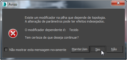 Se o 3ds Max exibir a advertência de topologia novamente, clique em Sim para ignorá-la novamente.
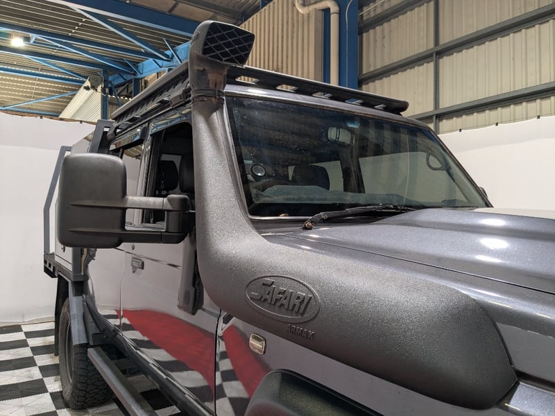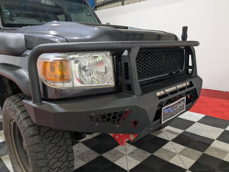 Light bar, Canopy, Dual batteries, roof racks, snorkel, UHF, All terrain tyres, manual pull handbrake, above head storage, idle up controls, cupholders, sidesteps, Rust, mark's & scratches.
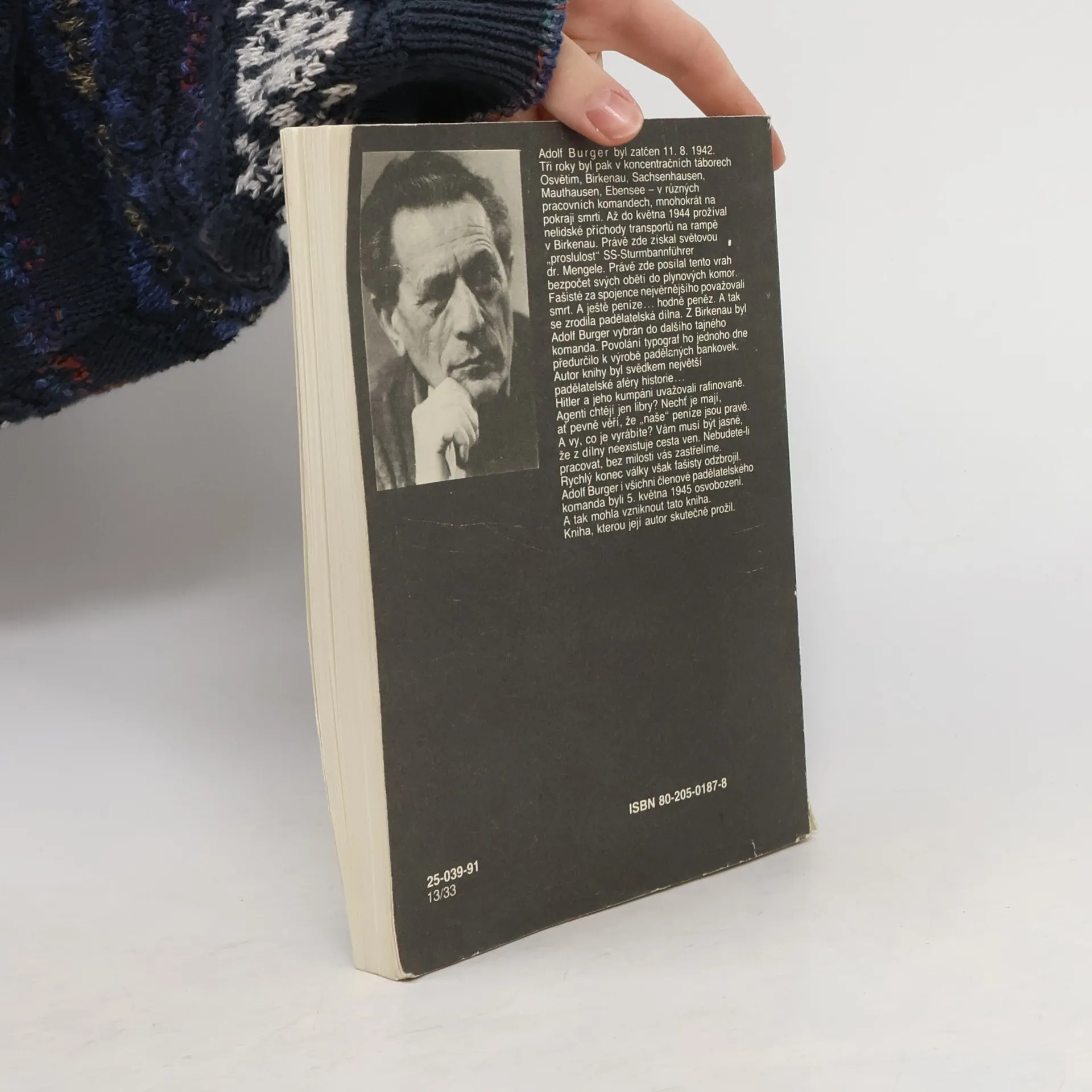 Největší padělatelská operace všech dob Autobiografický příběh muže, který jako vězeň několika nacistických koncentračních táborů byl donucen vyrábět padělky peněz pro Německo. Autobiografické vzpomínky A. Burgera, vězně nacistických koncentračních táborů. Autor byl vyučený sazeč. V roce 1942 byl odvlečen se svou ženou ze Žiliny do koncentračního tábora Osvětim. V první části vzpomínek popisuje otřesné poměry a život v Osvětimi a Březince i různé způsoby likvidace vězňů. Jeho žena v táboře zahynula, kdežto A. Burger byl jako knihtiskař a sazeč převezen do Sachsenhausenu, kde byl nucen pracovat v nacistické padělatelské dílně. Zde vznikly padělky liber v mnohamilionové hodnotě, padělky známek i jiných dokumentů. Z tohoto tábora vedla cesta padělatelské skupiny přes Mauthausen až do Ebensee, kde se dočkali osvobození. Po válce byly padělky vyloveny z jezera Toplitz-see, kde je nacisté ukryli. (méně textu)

━━━━━━

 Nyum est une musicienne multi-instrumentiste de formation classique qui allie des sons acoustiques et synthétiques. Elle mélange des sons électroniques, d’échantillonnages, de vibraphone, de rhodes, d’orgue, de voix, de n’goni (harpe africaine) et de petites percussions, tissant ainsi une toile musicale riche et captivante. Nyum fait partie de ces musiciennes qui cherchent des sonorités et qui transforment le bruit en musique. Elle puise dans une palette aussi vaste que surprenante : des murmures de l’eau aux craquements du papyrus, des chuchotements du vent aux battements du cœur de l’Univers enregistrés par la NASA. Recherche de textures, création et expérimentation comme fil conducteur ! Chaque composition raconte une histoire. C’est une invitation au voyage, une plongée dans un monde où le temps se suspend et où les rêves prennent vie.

━━━━━━

**What this task involves**
Starting at the line above with "Se o 3ds Max", output every line exactly up to and including the line with "Light bar, Canopy, Dual", but none of the pictures.

**Exercise solution**
 Se o 3ds Max exibir a advertência de topologia novamente, clique em Sim para ignorá-la novamente.
 Light bar, Canopy, Dual batteries, roof racks, snorkel, UHF, All terrain tyres, manual pull handbrake, above head storage, idle up controls, cupholders, sidesteps, Rust, mark's & scratches.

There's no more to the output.